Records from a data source
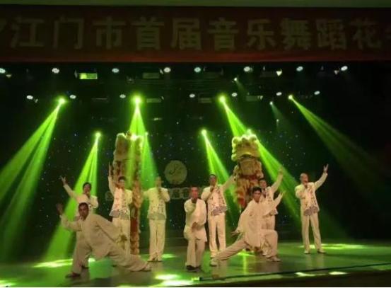 狮舞(江海佛装狮艺)江门市的民间醒狮活动,最早出现在清朝中,起源于江门白沙庙前里。江门蔡李佛雄胜馆的始创人陈长毛,清末民初时,表演兴盛,成为一门传统艺术活跃于民间,至今已有200多年的历史。江门醒狮属于南狮习俗,融武术、舞蹈、音乐为一体,各市镇村都有自己的醒狮队,逢年过节都会组织表演。南狮制作有佛山狮和鹤山狮,分红、黄、青、白、黑等颜色。有单狮表演,双狮表演和群狮表演,多以三星鼓点、七星鼓点,三星与七星混合鼓点作指挥。每头狮子由狮头、狮尾两人合作表演。醒狮传统舞法主要有:狮子出洞、狮子上楼台、板凳青、桥头青、桥底青、七星伴月等造型用佛装狮。作为一种历史悠久的民间传统文化形式。江门佛庄狮艺在江门乃至周边地区有一定的艺术影响力,在江门传统民间文化中占有重要的地位,有较高的艺术价值。
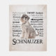 This Schnauzer fleece blanket, featuring the personality traits of the breed, is a great gift for any Schnauzer lover.
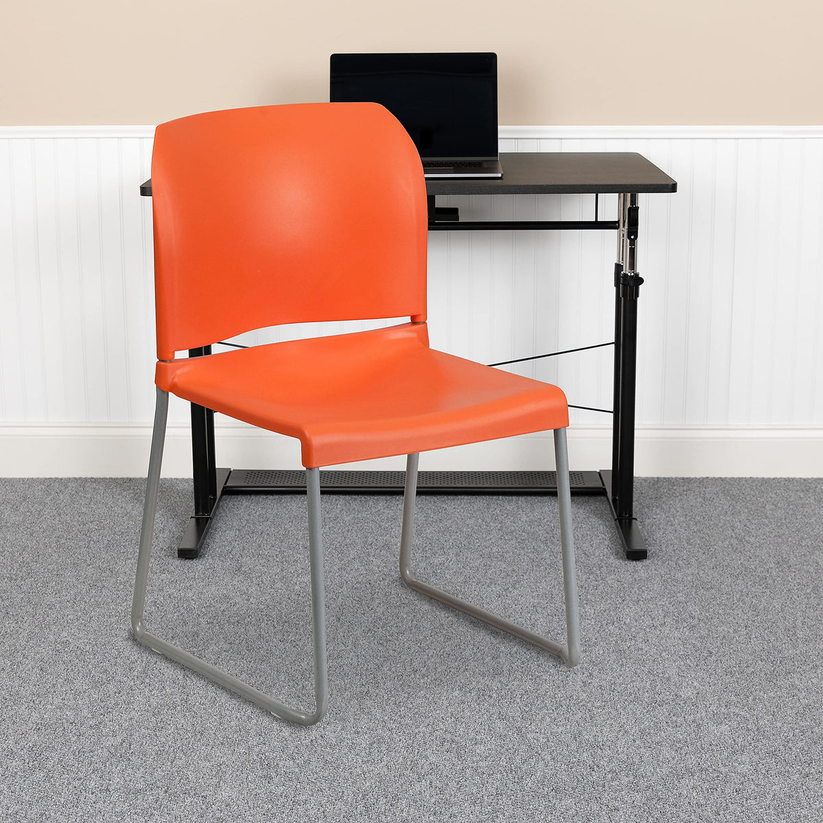 Flash Furniture HERCULES Series 880 lb. Capacity Orange Full Back Contoured Stack Chair with Gray Powder Coated Sled Base
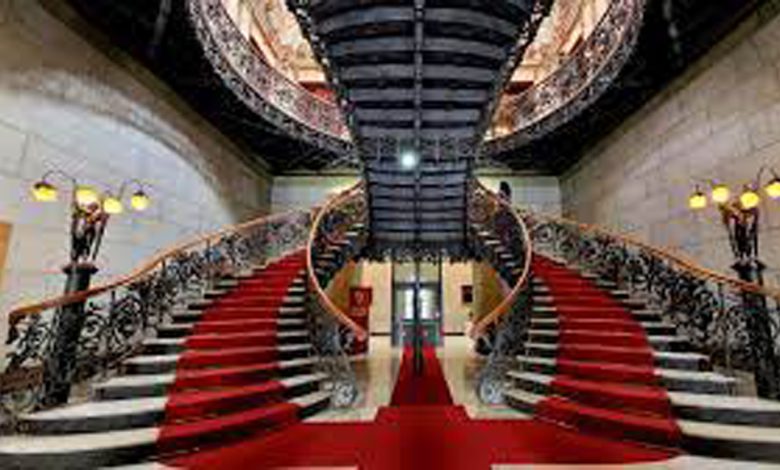 A escadaria principal é de design belga e foi produzida na Alemanha. A obra de arte apresenta uma tecnologia avançada para a época chamada de técnica Joly. Isso significa que a escada é composta por diversas peças separadas, que foram montadas em conjunto até formar a estrutura da escadaria, que, por sua vez, faz parte da sustentação do piso de cima do Palácio.
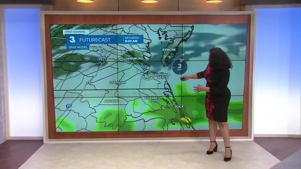 Saturday will be cloudy to start with showers, mainly in North Carolina. By the afternoon we’ll be dry with a thinner layer of cloud cover.
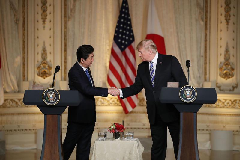 美日兩國宣布展開貿易對話,特朗普與安倍晉三聯手舉行的聯合發布會上說:「美國承諾自由、公平和互惠的貿易,同時致力於達成有利於美國和日本的雙邊貿易協議。」安倍晉三回應稱,他留意到美國對雙邊協議感興趣,惟日本則希望從跨太平洋夥伴協定(TPP)對兩國是最佳選擇的角度來進行討論。

◆ What is being asked ◆
Set down the lines from the one containing "Flash Furniture HERCULES" through the last line of the records above, both included, exactly as they appear and with no other text. Pictures should not be set down.

◆ Answer to the exercise ◆
 Flash Furniture HERCULES Series 880 lb. Capacity Orange Full Back Contoured Stack Chair with Gray Powder Coated Sled Base
 A escadaria principal é de design belga e foi produzida na Alemanha. A obra de arte apresenta uma tecnologia avançada para a época chamada de técnica Joly. Isso significa que a escada é composta por diversas peças separadas, que foram montadas em conjunto até formar a estrutura da escadaria, que, por sua vez, faz parte da sustentação do piso de cima do Palácio.
 Saturday will be cloudy to start with showers, mainly in North Carolina. By the afternoon we’ll be dry with a thinner layer of cloud cover.
 美日兩國宣布展開貿易對話,特朗普與安倍晉三聯手舉行的聯合發布會上說:「美國承諾自由、公平和互惠的貿易,同時致力於達成有利於美國和日本的雙邊貿易協議。」安倍晉三回應稱,他留意到美國對雙邊協議感興趣,惟日本則希望從跨太平洋夥伴協定(TPP)對兩國是最佳選擇的角度來進行討論。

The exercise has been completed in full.